══ Task input ══
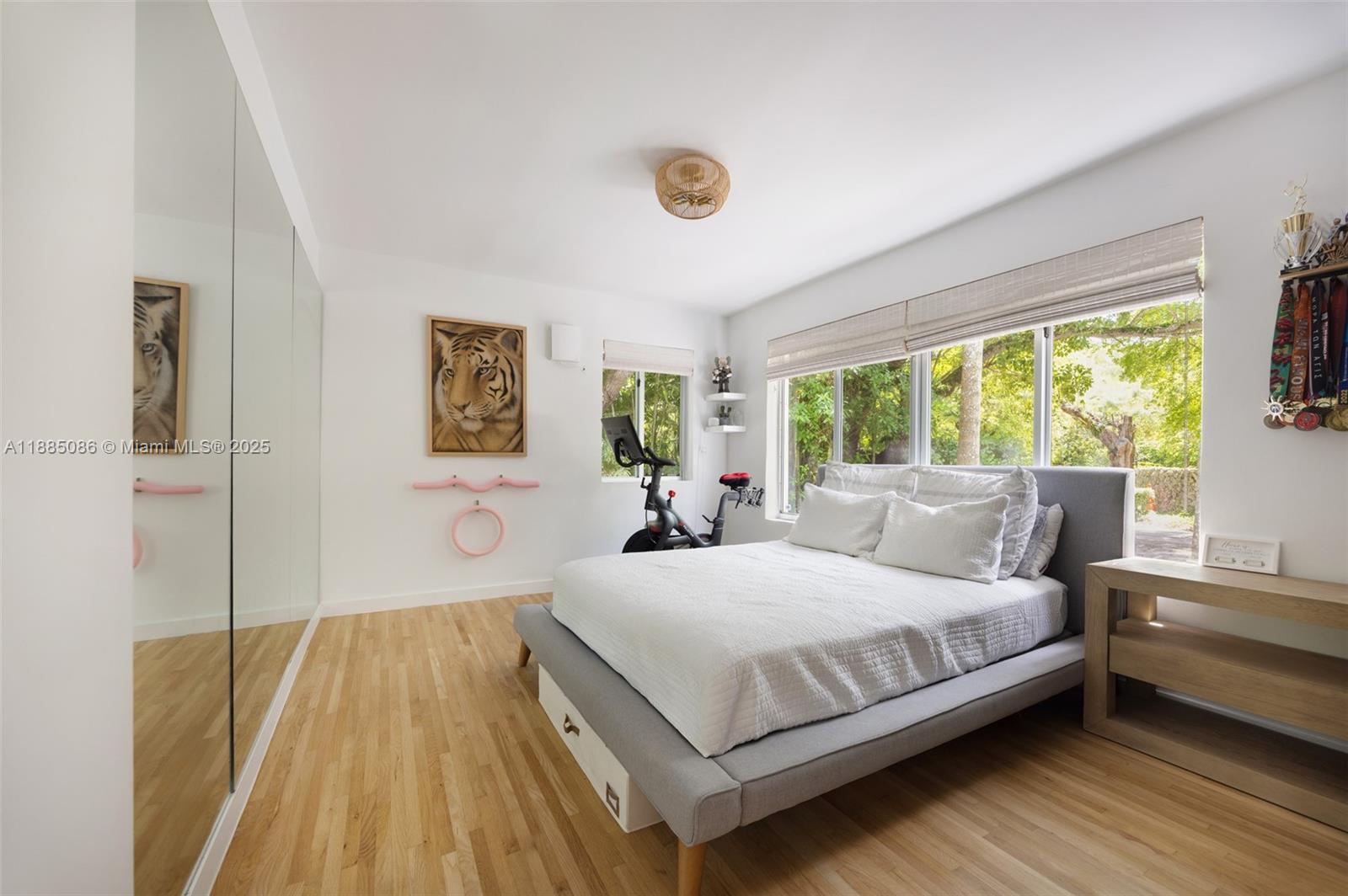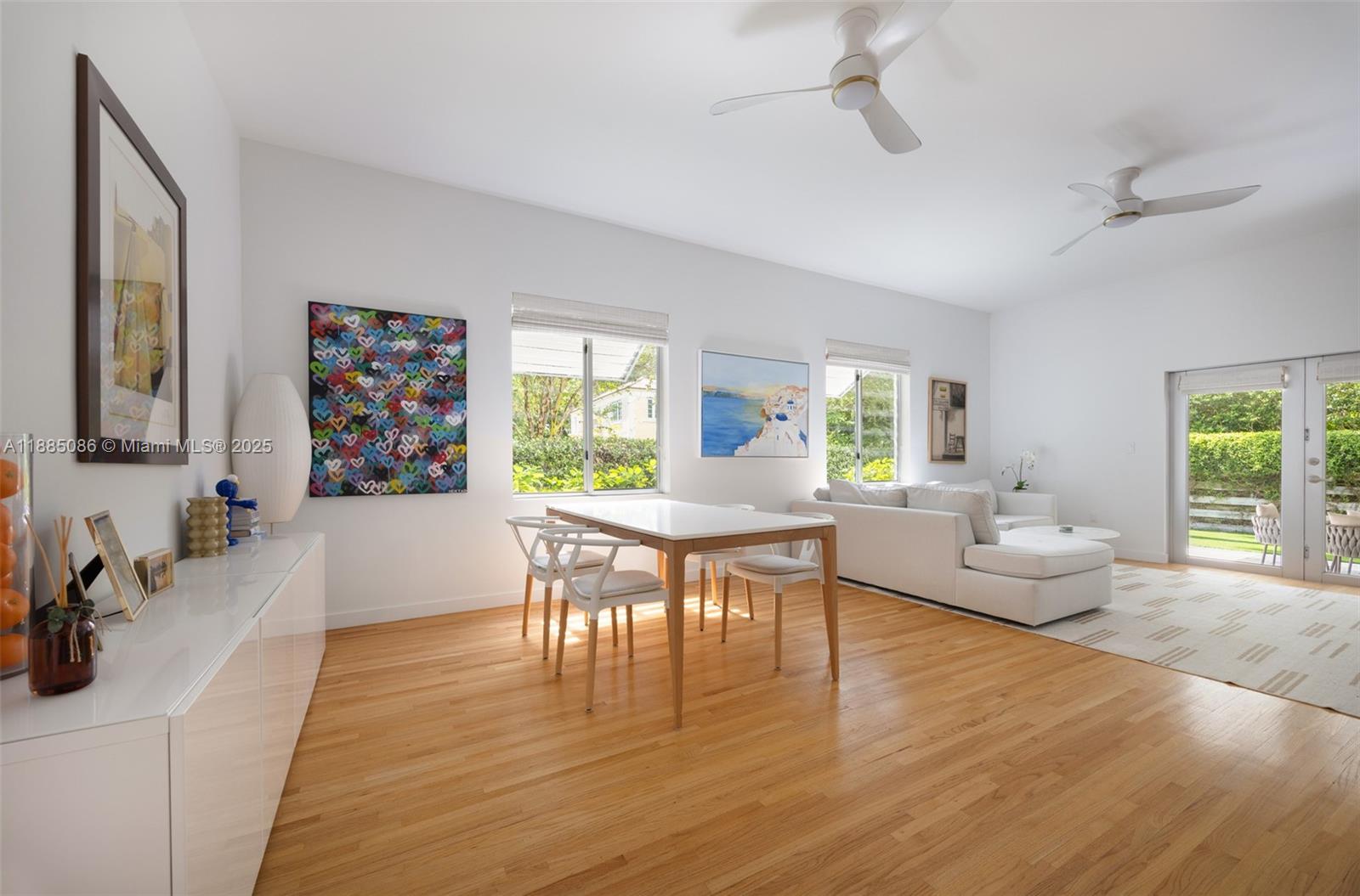 Modern design meets tropical tranquility in this renovated Coconut Grove retreat on sought-after Bougainvillea Rd. Just moments from village cafés, parks, and marinas, the home features impact glass, a new roof, and light-filled interiors with 10-ft ceilings and wood floors. The Euro-style kitchen showcases Italian teak cabinetry, stainless countertops, and premium appliances. A spacious primary suite offers a spa-like bath, walk-in closet, and garden views. Enjoy effortless indoor-outdoor living with a covered terrace and turf yard ideal for year-round entertaining.
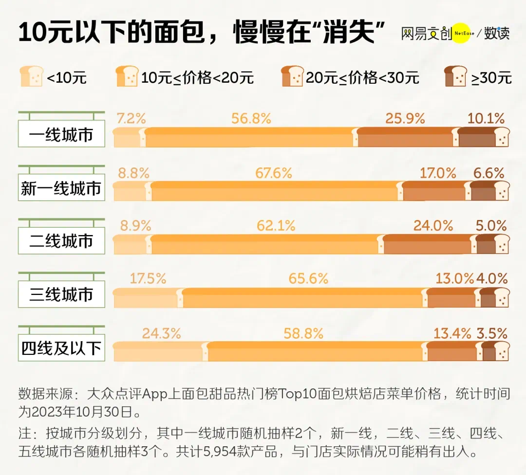 消费者对于烘焙价格也有高敏感度。目前,在社交媒体上,消费者对线下烘焙门店图吐槽最多的问题就是“贵”。网易数读曾做过这样一个统计:10元以下的面包,慢慢在“消失”。
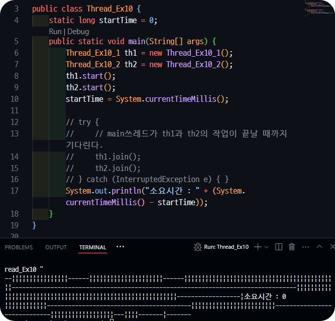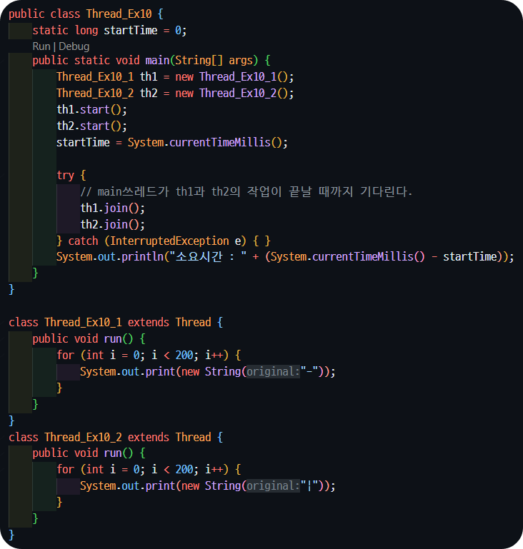 만약 join()을 사용하지 않으면❓main쓰레드가 th1과 th2를 기다리지 않고 중간에 실행되는 것이 확인된다.
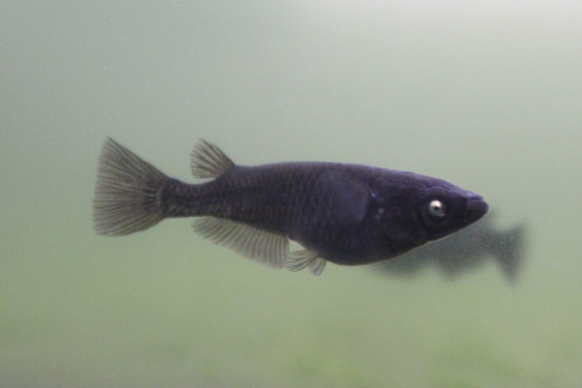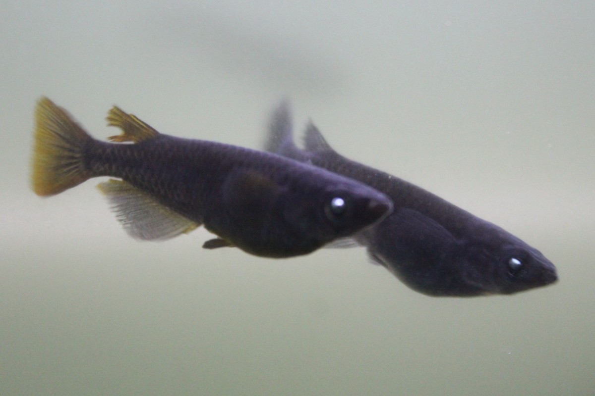 真っ黒の体色にキラッと光る眼が特徴のメダカです。
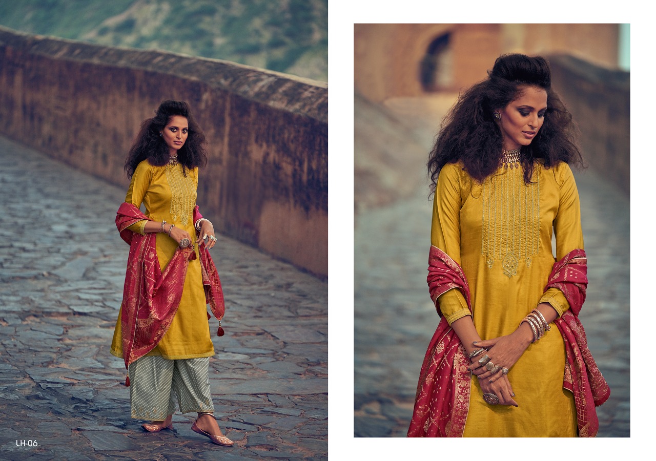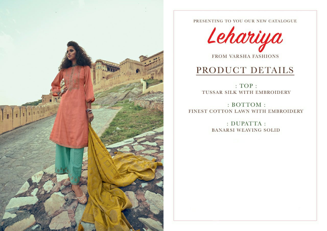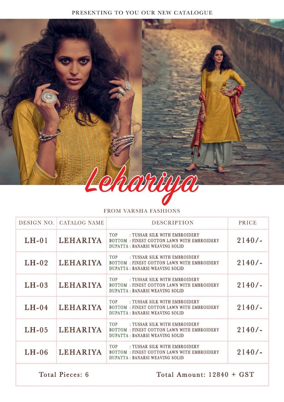 Presenting to you our new catalogue. LEHARIYA From - Varsha Top -Pure Tussar Silk With Designer Embroidery Bot - Finest Lawn With Embroidery Dup - Pure Banarasi Weaving Solid Rate:- 2140/- 1 Set:- 06 pcs. |
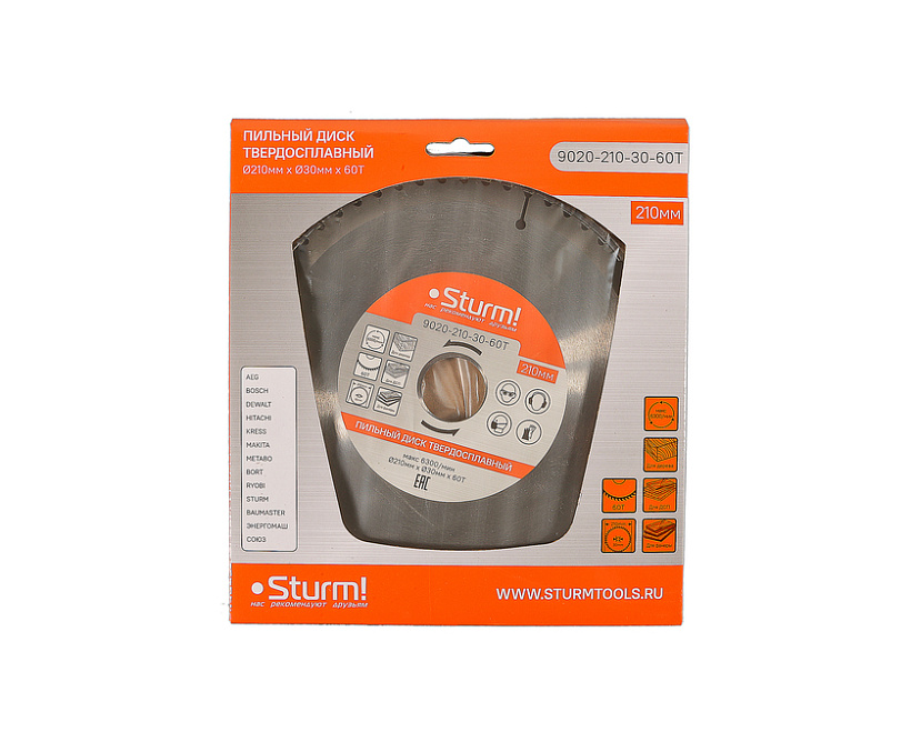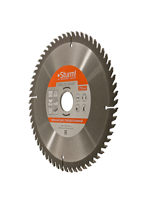 Пильный диск, размер 210x30x60 зубьев, твердосплавные напайки Sturm!
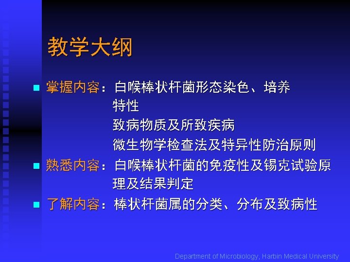 棒状杆菌属 Corynebacterium n 白喉棒状杆菌(C.dephtheriae) n 类白喉杆菌(diphtheroid bacilli) Department of Microbiology, Harbin Medical University
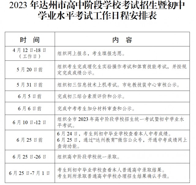 注:高中阶段招生相关政策、考生成绩等级及录取结果在官方微信公众号“达州教育”上发布,敬请关注!
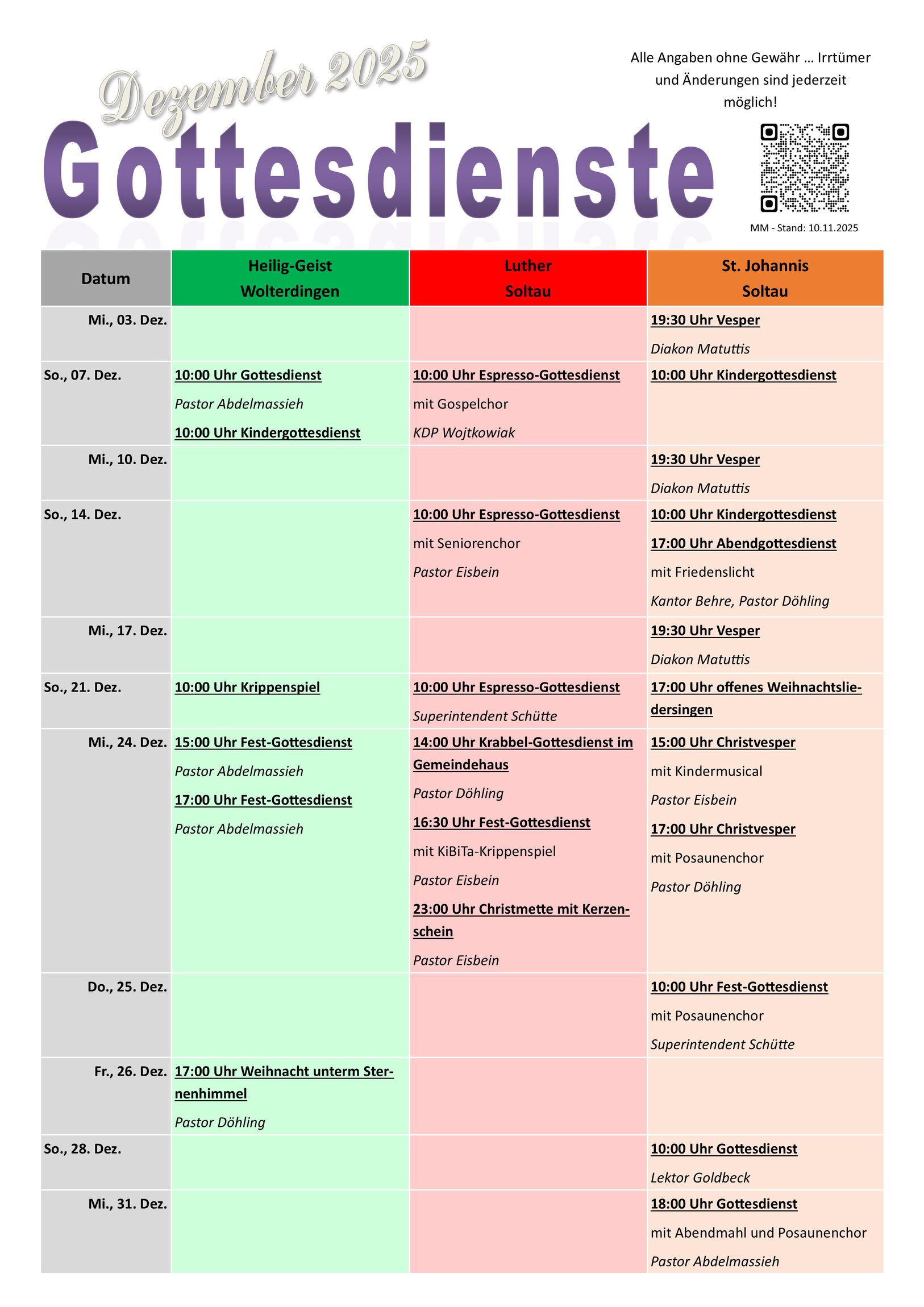Gottesdienstplan Soltau
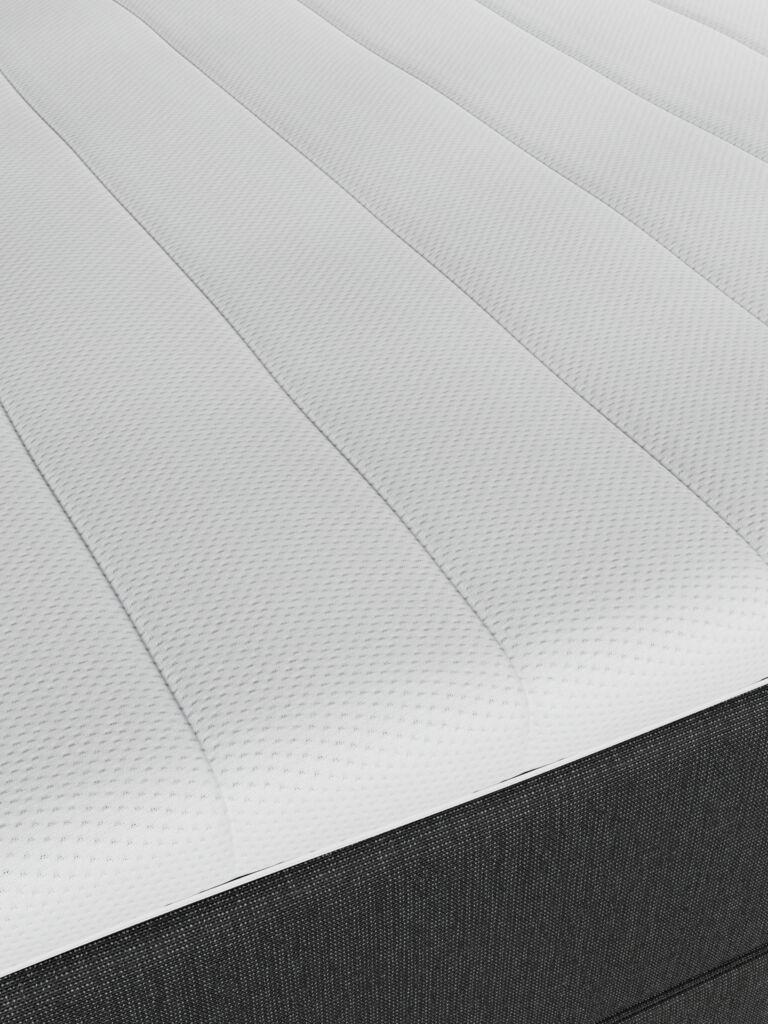 Madrassen er designet for å gi målrettet støtte gjennom sin kombinasjon av komfortsoner og lag. Den er delt inn i 5 komfortsoner og 3 komfortlag, som inkluderer pocke-fjærer og polyeterskum, som hver bidrar til dybde og generell støtte. Hver pocket-fjær er innebygd i sin egen stofflomme og tilpasser seg individuelt til kroppen din. Dette skaper en fleksibel og støttende madrass.
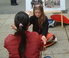 Une petite fille d’environ cinq ou six ans a vu les pratiquants faire les exercices et elle a couru vers eux et a appris les exercices. Elle est restée imperturbable en dépit du bruit ambiant. Elle a fait les cinq exercices calmement et sa mère qui l’observait tranquillement a pris quelques photos. Quand la mère a appris qu’il y avait des séances d’exercices tous les jeudis elle a dit qu’elle y amènerait sa fille.
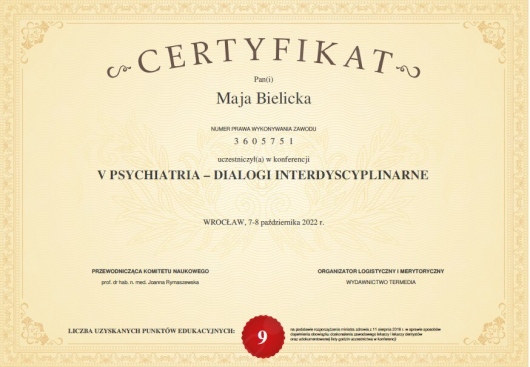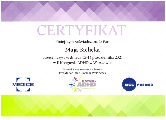 Czy Maja Bielicka przyjmuje online, bez konieczności pojawiania się w placówce?Tak, Maja Bielicka oferuje konsultacje online. Wybierz opcję „konsultacja online” przy umawianiu wizyty, a zobaczysz dostępne terminy.
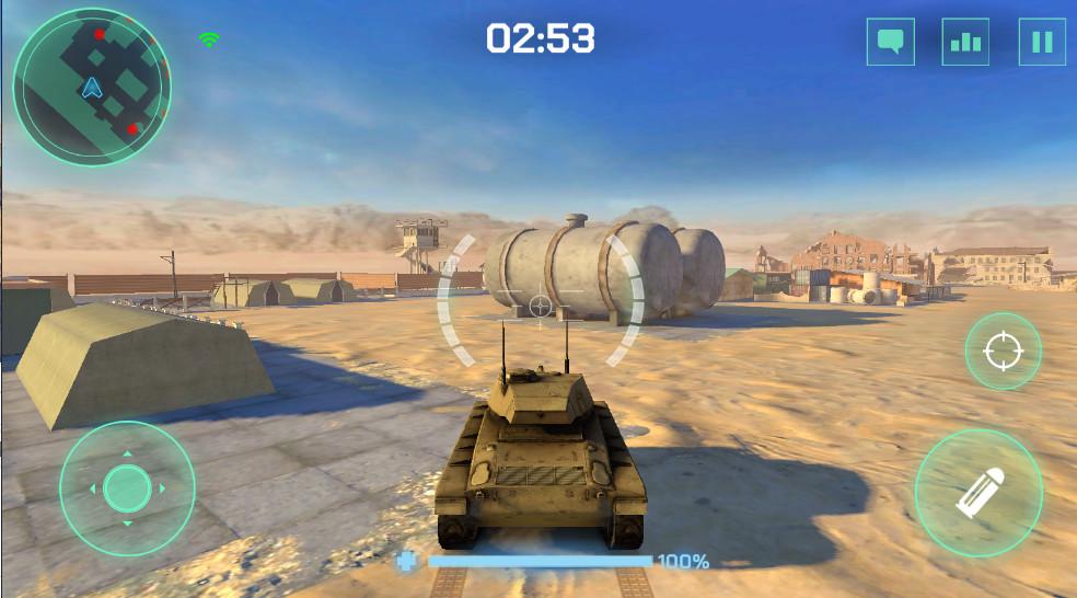 4、使用左方轮盘控制坦克移动,右侧瞄准开镜和射击,左右滑动其他区域控制坦克瞄准目标。
═══
What to work on
What to print is the stretch of entries from the line with "注:高中阶段招生相关政策、考" up to and including the line with "Madrassen er designet". Please print it exactly and leave out the pictures.

Output for this task
 注:高中阶段招生相关政策、考生成绩等级及录取结果在官方微信公众号“达州教育”上发布,敬请关注!
Gottesdienstplan Soltau
 Madrassen er designet for å gi målrettet støtte gjennom sin kombinasjon av komfortsoner og lag. Den er delt inn i 5 komfortsoner og 3 komfortlag, som inkluderer pocke-fjærer og polyeterskum, som hver bidrar til dybde og generell støtte. Hver pocket-fjær er innebygd i sin egen stofflomme og tilpasser seg individuelt til kroppen din. Dette skaper en fleksibel og støttende madrass.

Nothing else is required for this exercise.